Former ISIS child bride Shamima Begum has revealed that she wanted to kill herself when her three children died in Syria as she begs Britain to give her a ‘second chance’ in a documentary about her life in a Syrian refugee camp.
Begum said that she hoped British people would have an ‘open mind about why I left and who I am now as a person’ and urged the government to allow her to return home.

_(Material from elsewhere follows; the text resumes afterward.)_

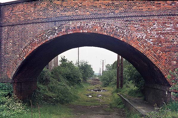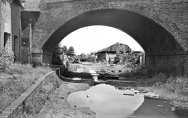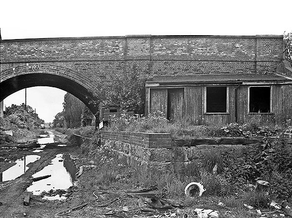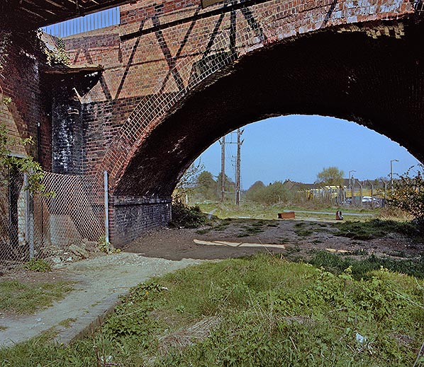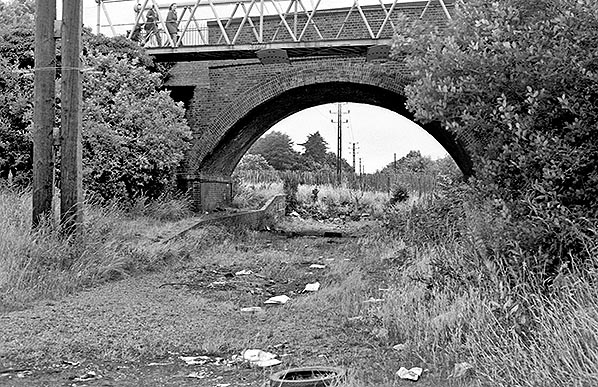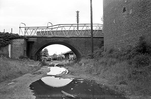 Photo by Nick Catford ![]() By April 1983 the trackbed under the bridge has been raised and the dock is now barely visible. It is likely that the buried dock exists today. Beyond the bridge the military depot has been demolished and the site is occupied by a GPO engineering centre.

The 21-year-old, who was 15 when she and two other east London schoolgirls travelled to Syria to join the Islamic State, accused the British government of ‘making up’ stories that she worked for the ISIS morality police as an excuse to keep her out of the country.
In the film she cries when talking about losing her three children during the Syrian war and says that she wanted to kill herself because of the grief.
But she does reveal some good news and says the father of the children is alive and sent her a birthday card wishing her well.
She also revealed how she ‘pines for a foot-long meatball Subway’ if she returns.
Begum no longer wears the black hijab and chandor robe in which she was found, and appeared last month in western dress after losing a Supreme Court hearing to return to the UK
Shamima Begum filmed in Syria refugee camp after Supreme Court ruling
Begum says people wrongly ‘feel like I’m responsible’ for the crimes of ISIS but she now realizes she was ‘naive’ and rejects its beliefs.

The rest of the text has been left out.